DigitalBridge’s 2021 ESG report includes the relevant disclosures recommended by the Sustainability Accounting Standards Board (SASB) and the Task Force on Climate-related Financial Disclosures (TCFD).
DigitalBridge (NYSE: DBRG) is a leading global digital infrastructure investment firm. With a heritage of over 25 years investing in and operating businesses across the digital ecosystem including cell towers, data centers, fiber, small cells, and edge infrastructure, the DigitalBridge team manages a $47 billion portfolio of digital infrastructure assets on behalf of its limited partners and shareholders. Headquartered in Boca Raton, DigitalBridge has key offices in New York, Los Angeles, London, and Singapore. For more information visit www.digitalbridge.com.

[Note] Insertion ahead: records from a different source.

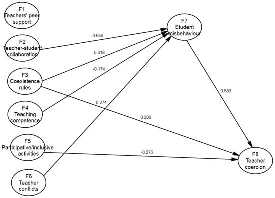 For the purpose of making intergroup comparisons (i.e., between two levels of education—primary versus secondary), we first obtained correlations among all the factor scores of the variables in both the Primary and Secondary Education teacher subsample. Then we made a comparison between them using Fisher’s Z transformation of the correlation coefficient. An SEM model was subsequently considered [47,51], which, along with the measurement models, added the possibility of establishing relations between variables by defining exogenous variables as the independent variables and endogenous variables as the dependent variables. In the same model, all of the exogenous variables were related to the endogenous variables, except for F1 (teachers’ perceived peer support) on F8 (teacher coercion), whose correlation was not significant in both the primary education and secondary education teacher subsamples. As pointed out in the theoretical framework, this model established that F7 (student misbehaviour) was an antecedent of F8 (teacher coercion). Thus, the endogenous variables could exert indirect effects on teacher coercion via student misbehaviour (Figure 1). Various models were compared with this model, distinct restrictions were determined for the equality of regression weights, and the measurement model of the latent variables remained stable.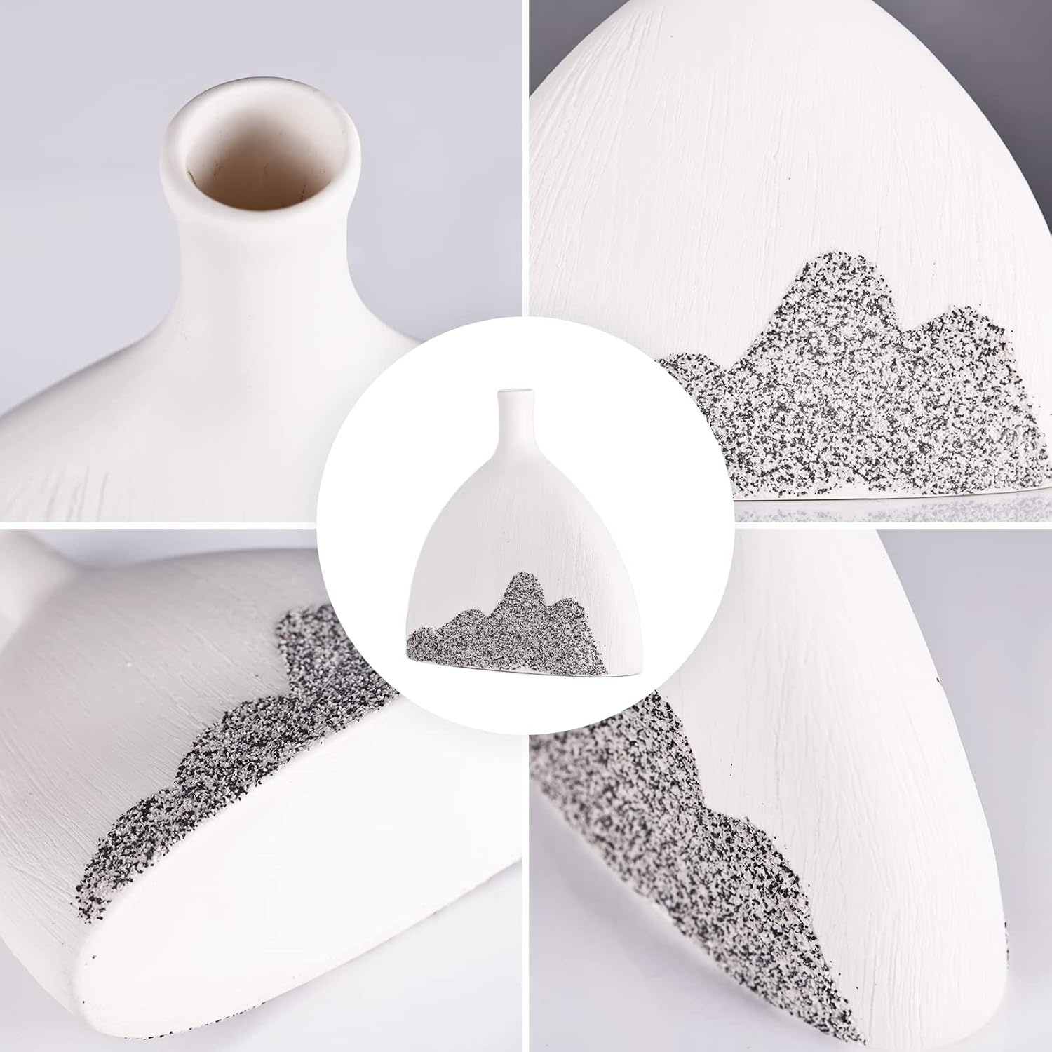Modern Textured White Art Vase – Mountain Design (2 Pc Set)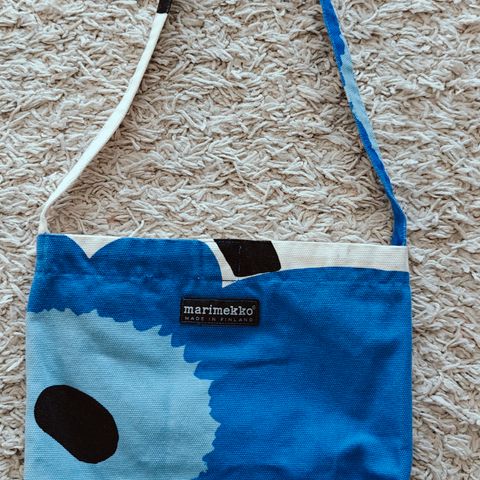 Unikkokankaasta ompelimossa teetätetty yliolan/vyölaukku. Säädettävä hihnan pituus.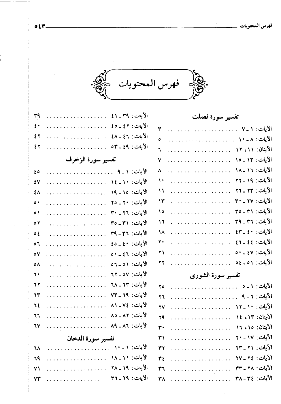 فهرس المحتويات تفسير سورة فصلت الآيات: ١- ٧ ٣ الآيات: ٨- ١٠ ٥ الآيتان: ١١، ١٢ ٦ الآيات: ١٣- ١٥ ٧ الآيات: ١٦- ١٨ ٨ الآيات: ١٩- ٢٢ ١٠ الآيات: ٢٣- ٢٦ ١١ الآيات: ٢٧- ٣٠ ١٣ الآيات: ٣١- ٣٥ ١٥ الآيات: ٣٦- ٣٩ ١٦ الآيات: ٤٠- ٤٣ ١٨ الآيات: ٤٤- ٤٦ ٢٠ الآيات: ٤٧- ٥٠ ٢١ الآيات: ٥١- ٥٤ ٢٢ تفسير سورة الشورى الآيات: ١- ٥ ٢٥ الآيات: ٦- ٩ ٢٦ الآيات: ١٠- ١٢ ٢٧ الآيتان: ١٣، ١٤ ٢٩ الآيتان: ١٥، ١٦ ٣٠ الآيات: ١٧- ٢٠ ٣١ الآيات: ٢١- ٢٣ ٣٢ الآيات: ٢٤- ٢٧ ٣٤ الآيات: ٢٨- ٣٣ ٣٦ الآيات: ٣٤- ٣٨ ٣٨ الآيات: ٣٩- ٤١ ٣٩ الآيات: ٤٢- ٤٥ ٤٠ الآيات: ٤٦- ٤٨ ٤٢ الآيات: ٤٩- ٥٣ ٤٢ تفسير سورة الزخرف الآيات: ١- ٩ ٤٥ الآيات: ١٠- ١٤ ٤٧ الآيات: ١٥- ١٩ ٤٨ الآيات: ٢٠- ٢٥ ٥٠ الآيات: ٢٦- ٣٠ ٥١ الآيات: ٣١- ٣٥ ٥٢ الآيات: ٣٦- ٣٩ ٥٤ الآيات: ٤٠- ٤٥ ٥٦ الآيات: ٤٦- ٥٠ ٥٧ الآيات: ٥١- ٥٦ ٥٨ الآيات: ٥٧- ٦٢ ٦٠ الآيات: ٦٣- ٦٨ ٦٢ الآيات: ٦٩- ٧٣ ٦٣ الآيات: ٧٤- ٨١ ٦٤ الآيات: ٨٢- ٨٥ ٦٦ الآيات: ٨٦- ٨٩ ٦٧ تفسير سورة الدخان الآيات: ١- ١٠ ٦٨ الآيات: ١١- ١٨ ٦٩ الآيات: ١٩- ٢٨ ٧١ الآيات: ٢٩- ٣٦ ٧٣

Cautionary Statement Regarding Forward-Looking Statements
This release may contain forward-looking statements within the meaning of the federal securities laws. Forward-looking statements relate to expectations, beliefs, projections, future plans and strategies, anticipated events or trends and similar expressions concerning matters that are not historical facts. In some cases, you can identify forward-looking statements by the use of forward-looking terminology such as “may,” “will,” “should,” “expects,” “intends,” “plans,” “anticipates,” “believes,” “estimates,” “predicts,” or “potential” or the negative of these words and phrases or similar words or phrases which are predictions of or indicate future events or trends and which do not relate solely to historical matters. Forward-looking statements involve known and unknown risks, uncertainties, assumptions and contingencies, many of which are beyond our control, and may cause actual results to differ significantly from those expressed in any forward-looking statement. Factors that might cause such a difference include, without limitation, whether the Company will be able to achieve the initiatives described in the ESG Report, and other risks and uncertainties, including those detailed in the Company’s Annual Report on Form 10-K for the year ended December 31, 2021, Quarterly Report on Form 10-Q for the quarter ended March 31, 2022, and its other reports filed from time to time with the U.S. Securities and Exchange Commission (“SEC”). All forward-looking statements reflect the Company’s good faith beliefs, assumptions and expectations, but they are not guarantees of future performance. The Company cautions investors not to unduly rely on any forward-looking statements. The forward-looking statements speak only as of the date of this current report. The Company is under no duty to update any of these forward-looking statements after the date of this release, nor to conform prior statements to actual results or revised expectations, and the Company does not intend to do so.
“Portfolio companies” refers to companies in which DigitalBridge, and its affiliated equity funds and/or co-investment vehicles, hold 50% or more of the equity interest in the portfolio company. Excludes investments in DigitalBridge’s other investment vehicles, including digital credit and public equities.
Board of Directors statistics are as of Annual Meeting, May 4, 2022.